DIRECTIONS FOR THIS TASK: Output only the entries, exactly as given, without the pictures.

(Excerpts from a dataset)
[Start of section]

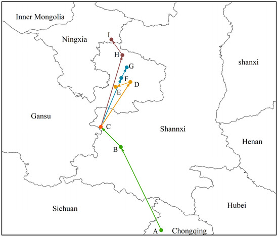 Migratory routes of potential distribution centers of Morchella in the context of climate change. Among them, the meaning of the letters were (A) LGM, (B) MH, (C) current, (D) 2050s—RCP2.6, (E) 2070s—RCP2.6, (F) 2050s—RCP4.5, (G) 2070s—RCP4.5, (H) 2050s—RCP8.5, (I) 2070s—RCP8.5.
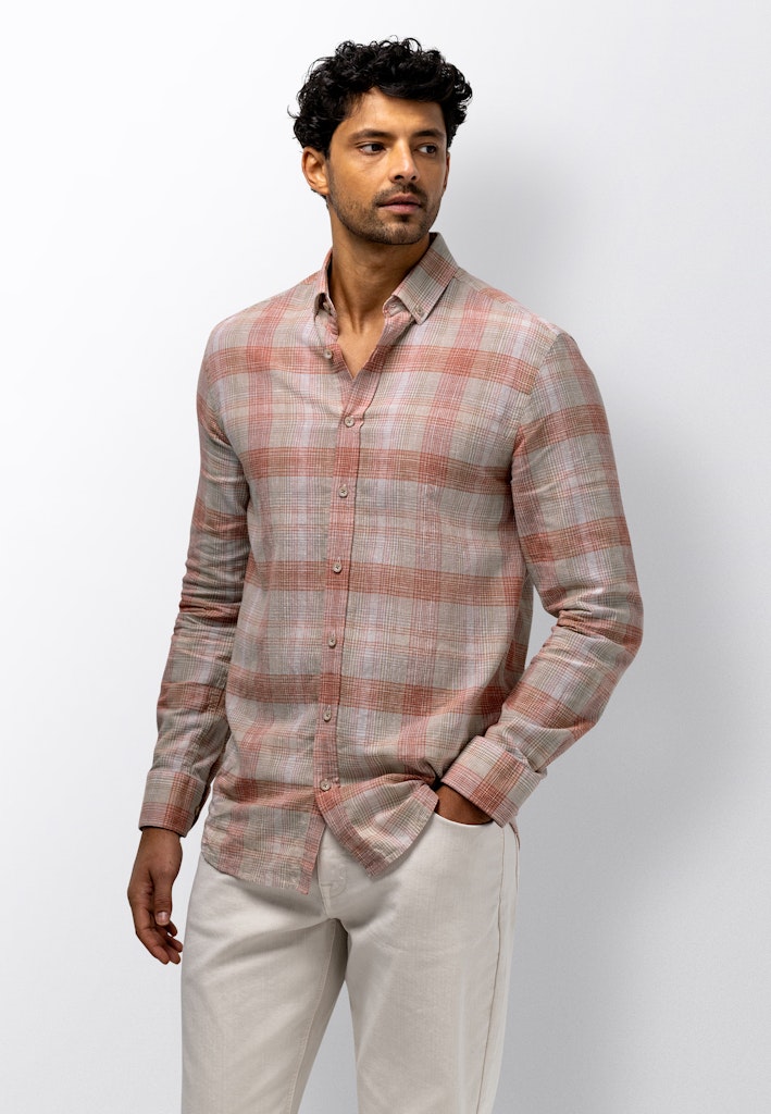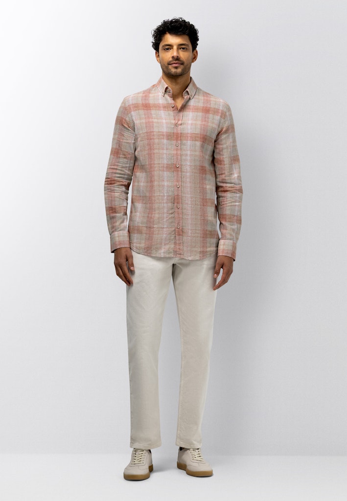 Dit beige heren overhemd van State of Art is een must-have voor elke mannelijke kledingkast. Het overhemd is gemaakt van een mix van 50% vlas en 50% katoen, waardoor het licht en ademend is voor de warme zomerdagen. De stof is van hoge kwaliteit en voelt zacht aan op de huid. Het overhemd heeft een klassieke pasvorm en is voorzien van een kraag en lange mouwen. Het merk State of Art staat bekend om zijn stijlvolle en tijdloze designs, wat ook terug te zien is in dit overhemd. Het is geschikt voor zowel formele als informele gelegenheden en kan eenvoudig gecombineerd worden met verschillende outfits. Het overhemd is gemakkelijk te onderhouden en kan in de reinigingsmachine worden gewassen met oplosmiddelen zoals perchloorethyleen en koolwaterstoffen. Met dit overhemd ben je helemaal klaar voor de zomer van 2026.
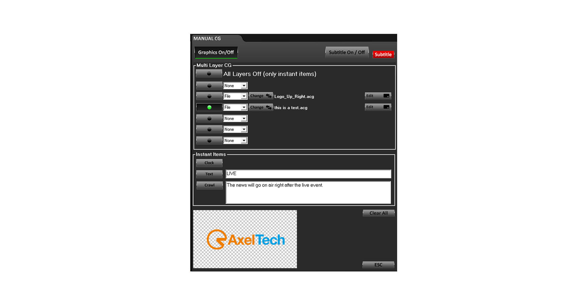 - Advanced CG with clocks, tickers, rolls, crawls, bitmap animations, any video file format
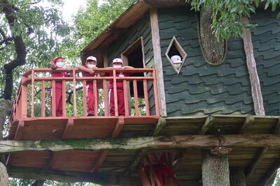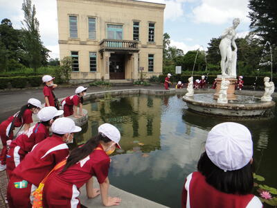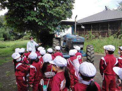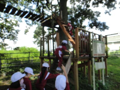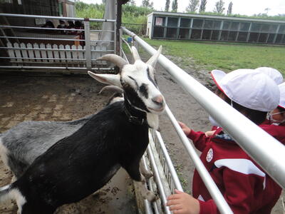 2021年9月8日 13時25分9月7日(火)に1年生が研修バスで岩瀬牧場に行ってきました。ツリーハウスに上ったり、動物にエサをあげたり、とたーに乗ったりと午前中楽しく学習してきました。
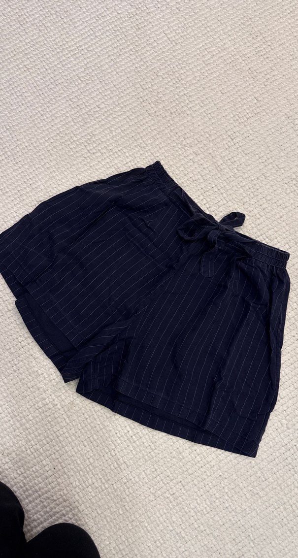 Yumuşak keten kumaştan, pilili ve bol kesim lacivert mini şort. Kısa boy, desensiz, rahat ve şık ofis kullanımı için uygun.

[End of section]

ANSWER:
 Migratory routes of potential distribution centers of Morchella in the context of climate change. Among them, the meaning of the letters were (A) LGM, (B) MH, (C) current, (D) 2050s—RCP2.6, (E) 2070s—RCP2.6, (F) 2050s—RCP4.5, (G) 2070s—RCP4.5, (H) 2050s—RCP8.5, (I) 2070s—RCP8.5.
 Dit beige heren overhemd van State of Art is een must-have voor elke mannelijke kledingkast. Het overhemd is gemaakt van een mix van 50% vlas en 50% katoen, waardoor het licht en ademend is voor de warme zomerdagen. De stof is van hoge kwaliteit en voelt zacht aan op de huid. Het overhemd heeft een klassieke pasvorm en is voorzien van een kraag en lange mouwen. Het merk State of Art staat bekend om zijn stijlvolle en tijdloze designs, wat ook terug te zien is in dit overhemd. Het is geschikt voor zowel formele als informele gelegenheden en kan eenvoudig gecombineerd worden met verschillende outfits. Het overhemd is gemakkelijk te onderhouden en kan in de reinigingsmachine worden gewassen met oplosmiddelen zoals perchloorethyleen en koolwaterstoffen. Met dit overhemd ben je helemaal klaar voor de zomer van 2026.
 - Advanced CG with clocks, tickers, rolls, crawls, bitmap animations, any video file format
 2021年9月8日 13時25分9月7日(火)に1年生が研修バスで岩瀬牧場に行ってきました。ツリーハウスに上ったり、動物にエサをあげたり、とたーに乗ったりと午前中楽しく学習してきました。
 Yumuşak keten kumaştan, pilili ve bol kesim lacivert mini şort. Kısa boy, desensiz, rahat ve şık ofis kullanımı için uygun.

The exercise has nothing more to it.